Animal preparation and in vivo test
Under anesthesia, a lateral approach between the lumbar muscle and peritoneum was used to simulate clinical intervertebral disc (IVD) excision surgery, during which a circular defect approximately 17 mm in diameter was created to ensure the implantation of IVDOs. IVDOs were implanted into the excised discs, along with hMSC-seeded IVD scaffolds or no implantation as a control. An untreated disc was used as the intact control. Euthanasia was performed on all animals six weeks later.
CT and MRI Examination
Prior to euthanasia, lateral CT images and T1 and T2 magnetic resonance images, including axial, sagittal, and coronal planes, were acquired. Three blinded evaluators quantitatively analyzed the IDD using the Pfirrmann grading system based on the signal intensity and uniformity of the nucleus pulposus (NP) in sagittal and axial T2 MR images, as well as the boundary distinction between the NP and AF, grading the lesions from 1 to 5. The Pfirrmann grade for each IVD was based on the median. The disc height index (DHI) was calculated by dividing the disc height by the height of adjacent vertebral bodies to measure the intervertebral disc height. The posttreatment intervertebral disc DHI was normalized against the unaffected portion within the same spine to account for interanimal differences.
Histological evaluation
Organoid and goat intervertebral disc samples were collected, fixed, decalcified and dehydrated. The dehydrated tissue was then embedded in paraffin, sectioned into 4 µm slices, and subjected to safranin O/fast green staining, Masson staining, and H&E staining.

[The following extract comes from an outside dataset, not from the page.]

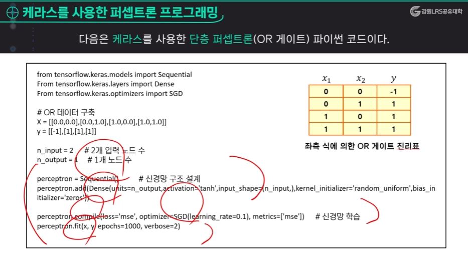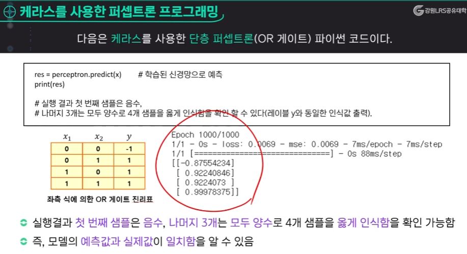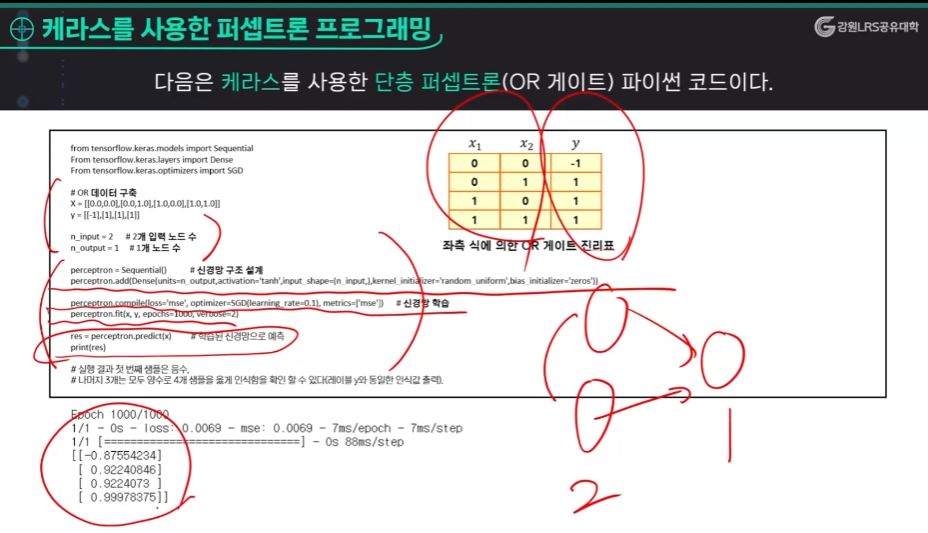 단층 퍼셉트론 예시)

Immunofluorescence Assessment
Fix the cells or tissues with 4% paraformaldehyde (Biosharp, China), wash three times with Tris-buffered saline for 10 minutes each. Then incubate in Tris-buffered saline containing 0.3% Triton X-100 (w/v) and 5% normal donkey serum (w/v) for 1 hour to block nonspecific reactions. Subsequently, incubate the sections overnight at 4°C or for 3 hours at room temperature with the antibodies listed in Table S2. After washing three times with Tris-buffered saline for 10 minutes each, incubate the cells at 22–28°C with FITC, CY3, and CY5-conjugated secondary antibodies (Thermo Fisher) for 1 hour. Prior to observation under a fluorescence microscope (Olympus), staining was performed using DAPI (Thermo Fisher).

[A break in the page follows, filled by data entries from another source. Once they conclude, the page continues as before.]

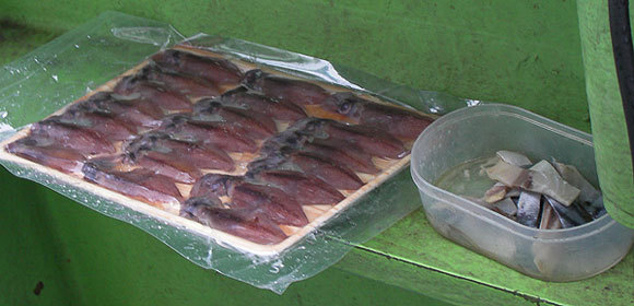 用意した餌はサバ短とホタルイカ。ホタルイカは宿で買えます。生サバとかは若干食いがいいんですが、この宿のサバ短は、非常に綺麗に作ってあって、トータルでは差があんまりでないんです。ホタルイカは、たまに食いがいいときがあるので、シーズン当初となると、一応用意しました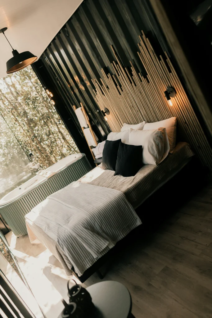 This is a dreamy, high-contrast getaway! The combination of dark walls and the natural wood slats behind the bed creates a super dramatic, modern-meets-nature look. The texture of the slats—which looks like abstract art—is fantastic, and the light from the large windows makes the whole room glow. That tub next to the bed? Pure luxury.
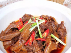 2.鍋留底油150克,下桂皮、八角、白蔻、草果爆香,調(diào)入李錦記豆瓣醬、辣妹子醬小火炒勻,下入鴨塊翻炒上色,再烹入啤酒、生抽大火翻炒一下,添清水燒沸。3.鴨塊倒入高壓鍋,上汽后壓約12分鐘,散汽后倒入炒鍋,加紅燈籠椒大火收汁約30秒,至湯汁略帶濃稠,盛入墊有筍干的砂鍋中。4.鴨雜飛水,入鍋用六成熱油炒香,加鹽、味達(dá)蕾901號和少許醬油炒勻入味,澆在鴨塊上,撒蔥段即可。

Immunohistochemistry Assessment
For IHC, tissue sections were deparaffinized and rehydrated. Sections were incubated for 1 hour at room temperature using COL-1, COL-2, ACAN as primary antibodies. And were then incubated with biotin-labeled secondary antibodies for 1 hour at room temperature. Finally, DAB peroxidase substrate kit (AR1000, Boster) was used for staining.

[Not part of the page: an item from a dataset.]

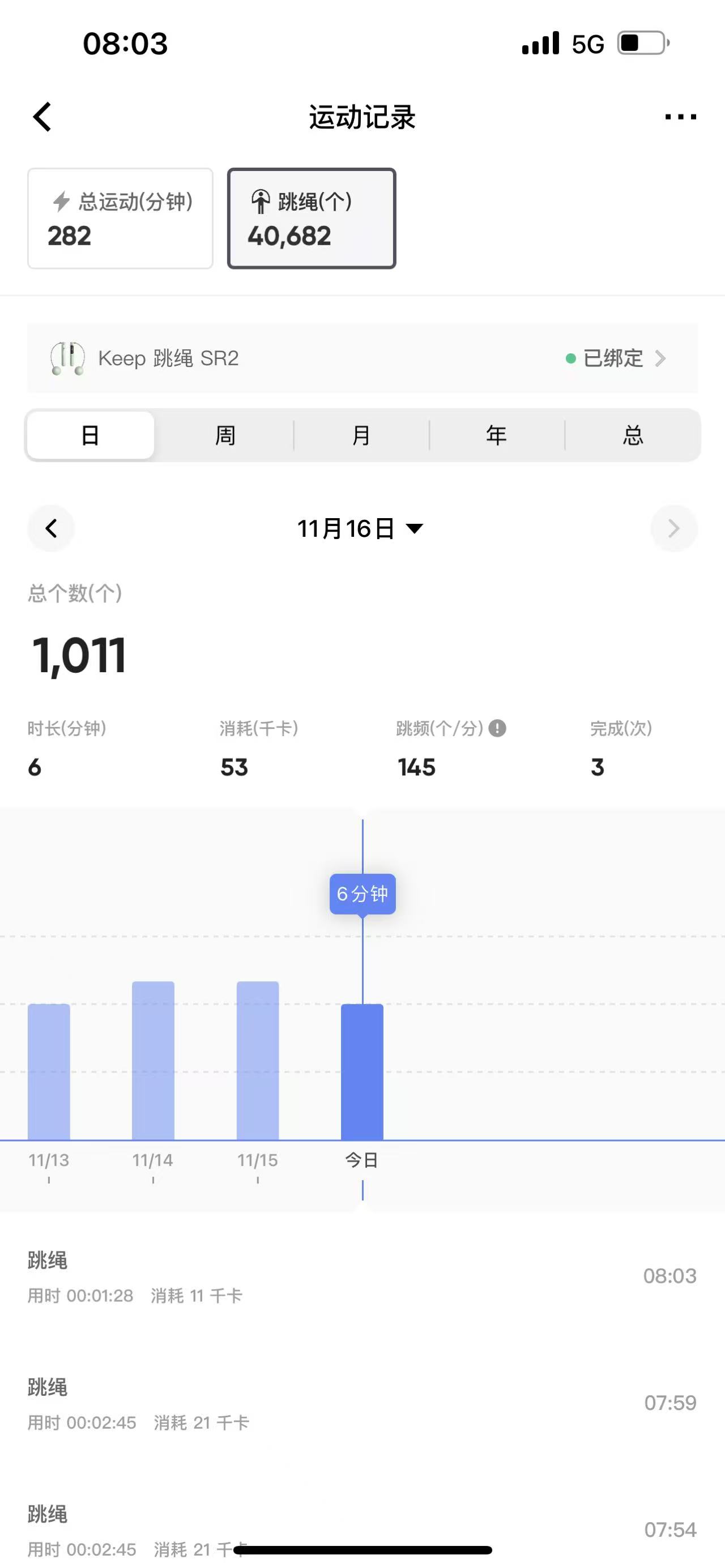 运动与投资第368天2025年11月16日今日定投:周末,没有定投跳绳:1000

Quantification and statistical analysis
Data are expressed as mean ± SD of three independent experiments. Comparisons between multiple groups were performed using One-way analysis of variance (ANOVA). The significance of differences between two groups was assessed using the Student's t-test. P < 0.05 is considered statistically significant, P > 0.05 is considered not significant (ns) (* P < 0.05, **P < 0.01, ***P < 0.001, and ****P < 0.0001). n = 3 independent experiments per group.